8. The method of claim 7,
Wherein the target output vector is determined based on the following equation: < EMI ID = 17.1 >

Here, T is the target output vector, r ^x is the text information having the emotion level x, L is the range of the emotion level, l is a value between 1 and L,

,

Represents the ratio of the sum of the cosine similarities of the text information r ^x with the text information having the emotion level l to the sum of the cosine similarities between the text information r ^x and the full text information.

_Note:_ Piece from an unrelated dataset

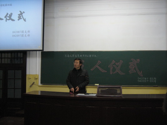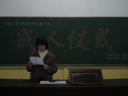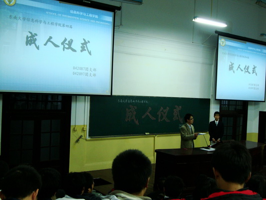 2009年12月8日下午,3044am永利集团3044noc第四届成人仪式在四牌楼校区致知堂成功举行。本次成人仪式由042087、042097团支部联合主办,以全体09级学生为主体,3044am永利集团3044noc张锡昌教授作为嘉宾参加了这次成人仪式。

A sentence classification model generation unit for generating an emotion classification model through machine learning based on a plurality of review data each including text information and emotion level information corresponding to the text information; And
And a determination unit that determines an emotion level of review data that does not include emotion level information using the emotion classification model,
Wherein the emotional classifier model generator adjusts the emotional level information based on the degree of similarity between the textual information and reflects the emotional level information on the emotional classifier model,
Wherein the sensitivity classification model generation unit comprises:
A selection unit for selecting review data to be reflected in the emotional classification model among the plurality of review data;
A conversion unit for converting the text information of the selected review data into a text vector; And
And a learning unit for learning the sensibility classification model by setting the text vector as an input value of the sensory classification model and setting a target output vector of the sensory classification model based on the sensibility level information of the selected review data,
And wherein the selector is configured to have a higher probability of selecting the review data having a higher reliability.

delete

10. The method of claim 9,
Wherein the reliability is determined based on a ratio of a recommendation number and a non-recommendation number to the review data.

10. The method of claim 9,
And the learning unit sets the target output vector based on the similarity between the text information.

14. The method of claim 13,
Wherein the learning unit sets the target output vector by assigning a weight to sensitivity level information corresponding to text information having a high degree of similarity with the text information of the selected review data.

15. The method of claim 14,
Wherein the similarity between the text information is determined based on the cosine similarity between the text vectors corresponding to the text information.

16. The method of claim 15,
Wherein the target output vector is determined based on the following equation: < EMI ID = 17.0 >

,

The text information r ^x And the sum of the cosine similarities of the text information r ^x and the text information having the emotion level l with respect to the sum of the cosine similarities with the full text information.

A computer-readable storage medium having stored thereon a processor included in the computer,
Instructions for generating an emotion classification model through machine learning based on a plurality of review data each including text information and emotion level information corresponding to the text information; And
And determining an emotion level of review data that does not include emotion level information using the emotion classification model,
Wherein the command for generating the emotion classification model is configured to adjust the emotion level information based on the degree of similarity between the text information and to reflect the emotion level information in the emotion classification model,
Generating the emotion classification model may include:
Selecting review data to be reflected in the emotional classification model among the plurality of review data;
Converting the text information of the selected review data into a text vector; And
Learning the sensory classification model by setting the text vector as an input value of the sensible classification model and setting a target output vector of the sensible classification model based on the sensibility level information of the selected review data,
Wherein selecting the review data has a higher probability that review data with higher confidence will be selected higher.